В невыносимом молчании Графиня и все остальные услышали звук чьих-то быстро приближающихся шагов.
Однако прошла целая вечность, прежде чем звук этот стих, и смятенный человек с поникшей головой и дрожащими руками замер перед Графиней, ожидая дозволения сообщить принесенную им весть. С усилием оторвав взгляд от сына, Графиня наконец повернулась к гонцу.
— Ну, — прошептала она, — что такое, милейший?
Гонец поднял голову. Прошло несколько секунд, прежде чем он смог выдавить хоть слово. Подбородок его дрожал, губы разделялись, но ни звука с них не слетело. И такой свет лился из его глаз, что Титус рванулся к нему, пораженный внезапным страхом.
— Только не Фуксия! Не Фуксия! — крикнул он, и, еще складывая эти слова, с ужасом понял — что-то случилось именно с ней.
Гонец, так и не отведший глаз от лица Графини, произнес:
— Леди Фуксия утонула.
И тогда что-то случилось с Титусом. Что-то непредсказуемое. Он понял, как ему следует поступить. Понял — кто он. В нем не осталось страха. Смерть сестры, как последний гвоздь, вогнанный в стену нового дома, завершила построение личности Титуса, и пока эхо последнего удара молотка еще отдавалось в его ушах, он обратился в орудие, готовое к делу.

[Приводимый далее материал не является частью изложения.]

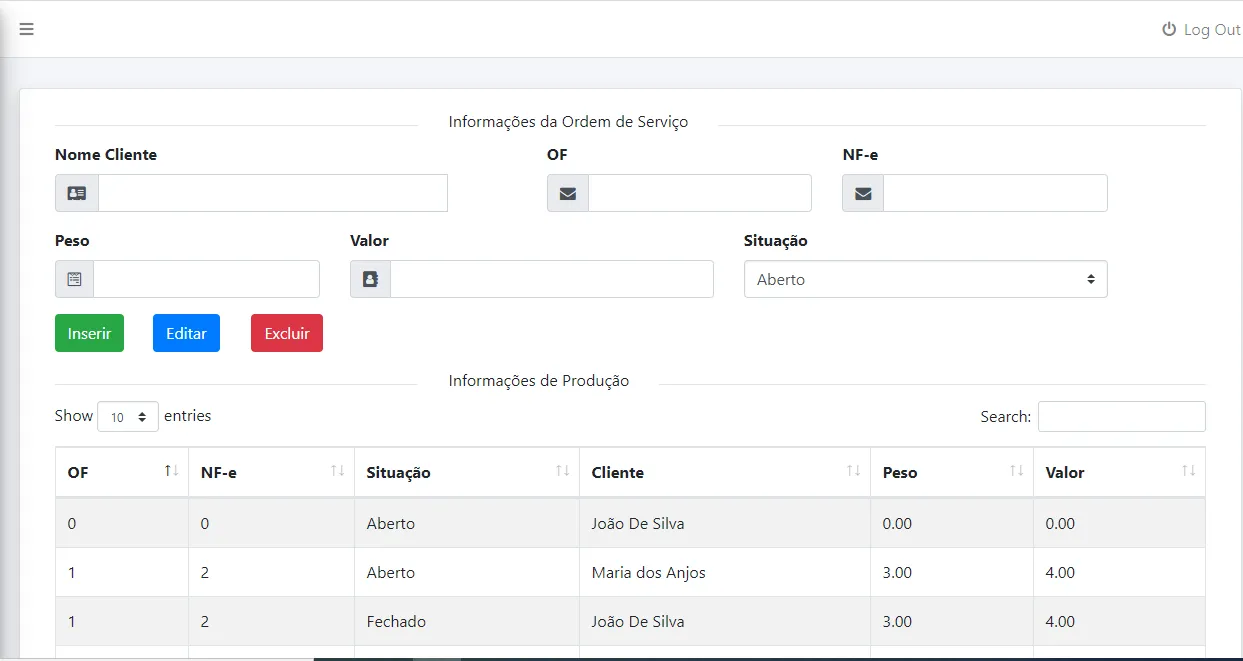 Então, a partir disso, abre-se uma página para cadastrar novos faturamentos e uma lista de faturamento entre essas datas:
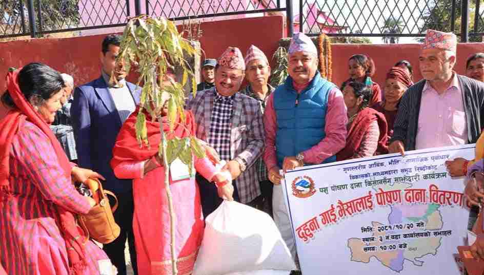 रिब्दीकोट गाउँपालिका वडा नं. ३ मा दुहुना गाई भैँसीलाई पोषण दाना व...
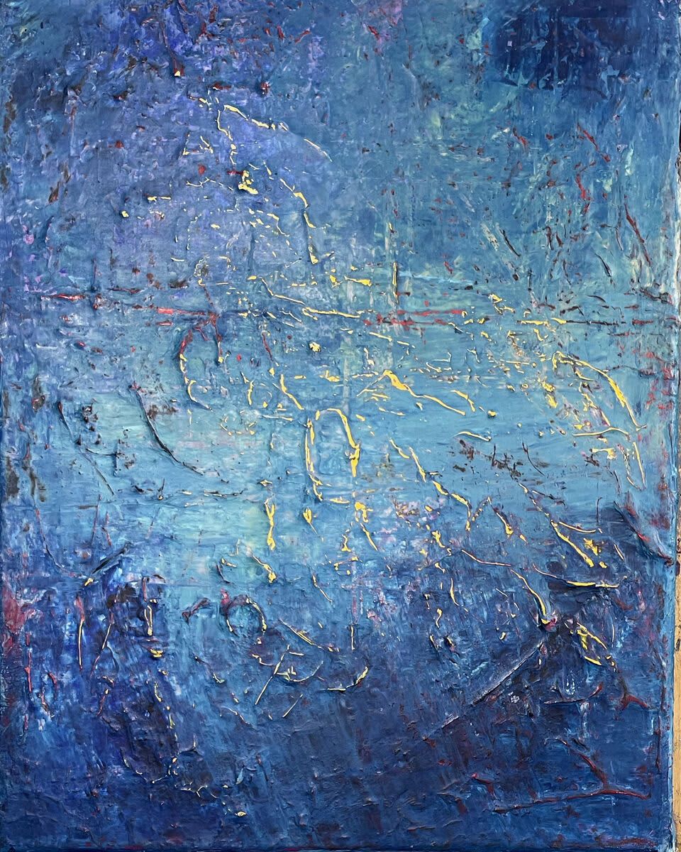 16"x20" canvas-oil cold wax-blue, yellow and red threads
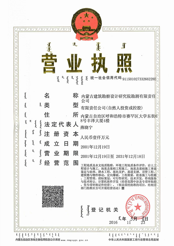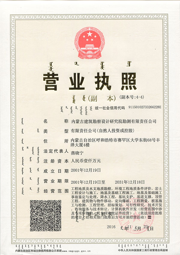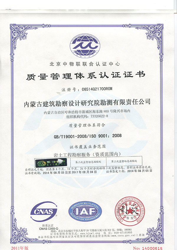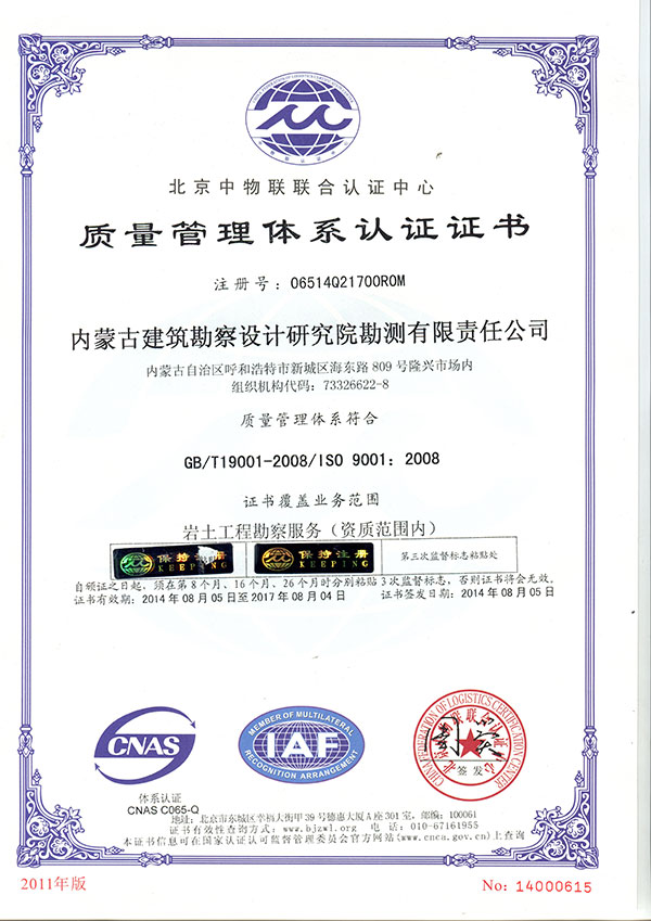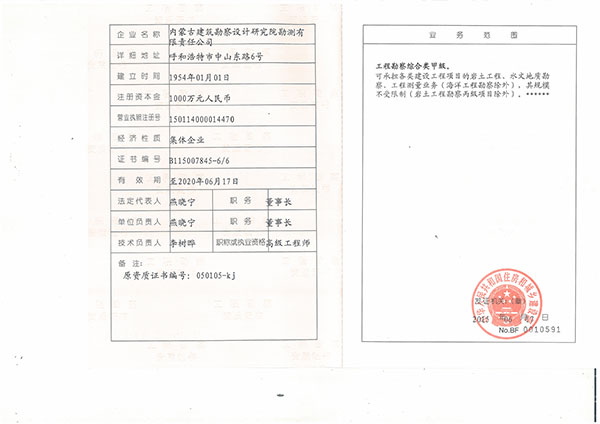 • 內蒙古建筑勘察設計研究院勘測有限責任公司,是全國首家完成 轉企建制的省級建筑勘察設計單位。公司前身為內蒙古建筑勘察 設計研究院勘測分院, 成立于1954年 ,經過六十多年的發(fā)展, 現已成為全區(qū)技術力量雄厚、專業(yè)設置齊全的集巖土工程勘察 、 設計、治理、檢測、監(jiān)理、咨詢、水文地質勘查、工程測量、科 研為一體的綜合性企業(yè) ... ... [查看詳情]
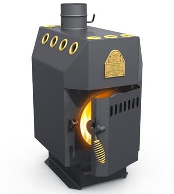 Твердотопливный воздухогрейный котел длительного горения. Большой герметичный топливник. Конвективные теплообменные трубы по всему поперечному сечению и по всей длине находятся в пламени. Топка имеет форму пламени свободно сжигаемого твердого топлива. На верхней горизонтальной поверхности, нагреваемой пламенем, можно разогревать пищу. Большой колосник обеспечивает равномерное горение по всей площади топки. Зола через щели колосника ссыпается в зольный ящик, который позволяет удалять золу, не прерывая горение. Отвод дыма осуществляется через отверстие, расположенное в задней стенке котла с помощью тройника, что значительно упрощает процесс очистки дымохода.
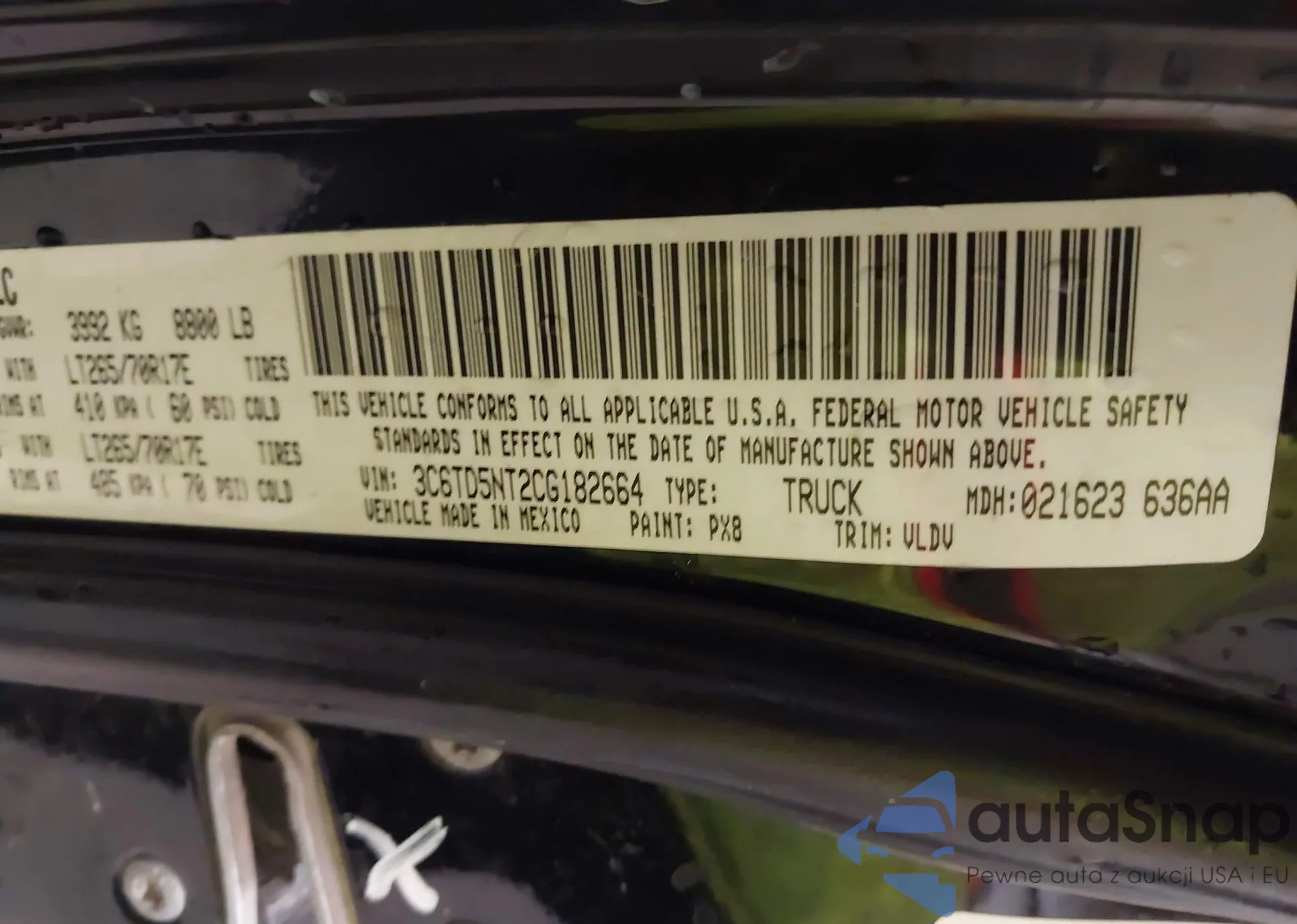 • VIN 3C6TD5NT2CG182664

Смерть Той покончила его юность.
Когда молния убила ее, Титус обратился в мужчину. Детское умение примеряться к обстоятельствам покинуло его. Разум и тело сжались и напряглись, точно пружина. Смерть же Фуксии эту пружину высвободила. Теперь он был не просто мужчиной. Он обратился в нечто куда более редкое — мужчину, способного к действию. Пружина распрямилась. Титус вступил на предназначенный ему путь.
И движителем его был гнев. Слепящая до белой мути в глазах ярость преобразила Титуса. Самолюбивая вспышка, достаточно театральная и опасная сама по себе, стала ничем в сравненьи с последним неистовым вскриком, который выплеснул весь его гнев и горе, изумив и мать, и гонца, и слуг, до сей поры видевших в Титусе лишь замкнутого угрюмца, номинальное олицетворение власти.
Фуксия погибла! Фуксия, его смуглая, его милая сестра!
— Боже милостивый, где? — крикнул он. — Где ее нашли? Где она сейчас? Где? Где? Я должен увидеть ее!
Он повернулся к матери.
— Это все — та пегая скотина, — сказал он. — Он убил ее. Он убил твою дочь. Кто еще мог это сделать? Кто еще тронул бы хоть волос на ее голове — этой девочки, лучшей, чем когда-либо думала ты, никогда ее не любившая! О Господи, мама, созови всех своих командиров, всех, у кого есть оружие. Не думай, я не устал. Я выступаю — сейчас. Окно мне известно. Еще не стемнело. Мы сможем его окружить. Но на лодках, мама. Так будет быстрее. Северные Надгробья нам ни к чему. Пошли лодки. Все до единой. Я видел его, мама, — убийцу моей сестры.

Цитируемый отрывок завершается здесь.